Money is the root of the students’ grievance. Relative to gross national product per capita, Chile is the world’s most expensive country in which to be a student. The average ticket price of more than $4,000 (£2,600) a year is only a few hundred dollars short of the official minimum wage. Los Andes and La Católica provide generous scholarships from their own resources, but publicly funded grants cover only 18 per cent of the total cost of university courses nationwide. Legislation limits interest rates on student loans, and the government acts as guarantor in deserving cases: about half the national student body qualifies for this form of help. But the guarantees kick in only after serious hardship. The political connotations of the present situation exacerbate feelings: in Chile the right to university education was guaranteed free of charge to qualified candidates until the Pinochet regime abolished it.

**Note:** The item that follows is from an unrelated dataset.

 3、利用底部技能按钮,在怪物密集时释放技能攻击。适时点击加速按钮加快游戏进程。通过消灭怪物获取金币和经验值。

Yet while the prices have risen, demand has risen more. Another of the protesters’ grievances is the proliferation of “universidades de lucro” – private, for-profit set-ups. The latest of these – the Bernardo O’Higgins University, whose critics denounce it as a pinochetista enterprise – was denied accreditation by the responsible quango, the National Accreditation Committee, but the government overturned the decision on appeal.

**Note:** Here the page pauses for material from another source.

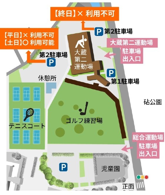 大蔵第二運動場「第2駐車場 利用制限」のお知らせ(1月19日~1月26日)

The main political opposition – a Left and Centre coalition under former president Michelle Bachelet – has endorsed the students’ demands for a return to free universal provision. The main trade union organisation, the Workers’ United Centre, collaborates in the demonstrations. But Chileans justly congratulate themselves on having the best-educated population in Latin America and an economy that has sustained uninterrupted growth through every global crisis. Investment in universities has matched rising prices. By common acclaim, La Católica is Latin America’s leading place of learning. Free enterprise has worked: Chicago economics has done more for Chile than for Chicago. About 900,000 Chileans are in higher education, and it would be impractical for the state to pick up the bill for all of them. The common-sense solution – a sliding scale of means-adjusted costs – commands most support. Yet the enragés’ indignation is inextinguishable.

Now dawn is seeping through the smog; the city is stretching out of sleep; the mountains are heaving back into sight. I have a contented yet uncomplacent class to teach. But the serenity that surrounds me on the campus of Los Andes will remain unattainable downtown for a long time.